Ciò che dunque mancava era la Retta Parola. Sapendo di dover stringere, chiese "Qual è il suo nome?". "Bontà divina! Tornate da dove sei venuto e non fare la fatica di risalire fin quassù". Ormai la chiave era chiara: Retta Vita, Azione e Sforzo. Discese le pendici, arrivando a casa che il buio l'aveva già raccolta. All'aprirsi della porta la gatta non si voltò e un profondo dolore gli strinse il petto. Si inginocchiò allora disperato, stanco del cammino, infrangendo ciò che si era sempre ripromesso, cioè di non rivolgere preghiere di poco conto per liberarsi dalle naturali sofferenze della vita. "Buddha, seguirò meglio il tuo Dharma, ma fa' che la gatta mangi il suo cibo".

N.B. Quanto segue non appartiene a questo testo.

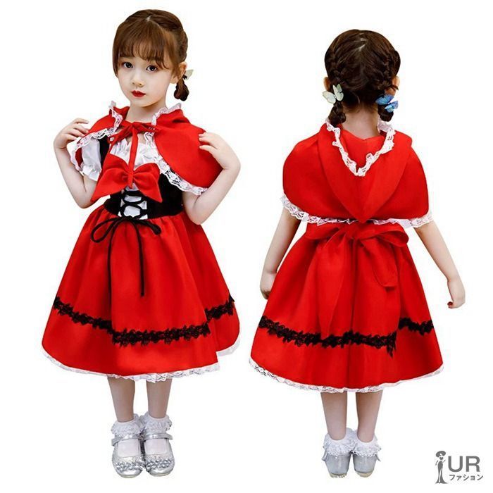 衣装 子供 女の子 コスプレ 仮装 コスチューム キッズ 子供ドレス 赤ずきん ケープ 子供服 ワンピース 童話 発表会 赤 パーティー ドレス 子供用 子ども 幼稚園 halloween 09

E fu così che Buddha, sentendo di nuovo il suo nome, si svegliò come da un lungo sonno e si appressò al contenitore, gustandone le delizie. Finito anche l'ultimo boccone, girò la ciotola con il muso, e con quella il corso del destino. Il saggio decise in cuor suo che la gatta si chiamasse Dharma, ma per sicurezza continuò a pronunciare frasi come "Buddha, da' anche oggi il cibo a Dharma" o "Buddha, ho preparato questi teneri bocconi per Dharma". Persino, talvolta, e con qualche titubanza nella voce, "Buddha, ma quante coccole si prende Dharma!" Ma di tutto questo e del suo seguito nessun essere umano seppe. A loro il saggio si limitò un giorno a dire: "Il nome che ho è in quello che mi hanno dato".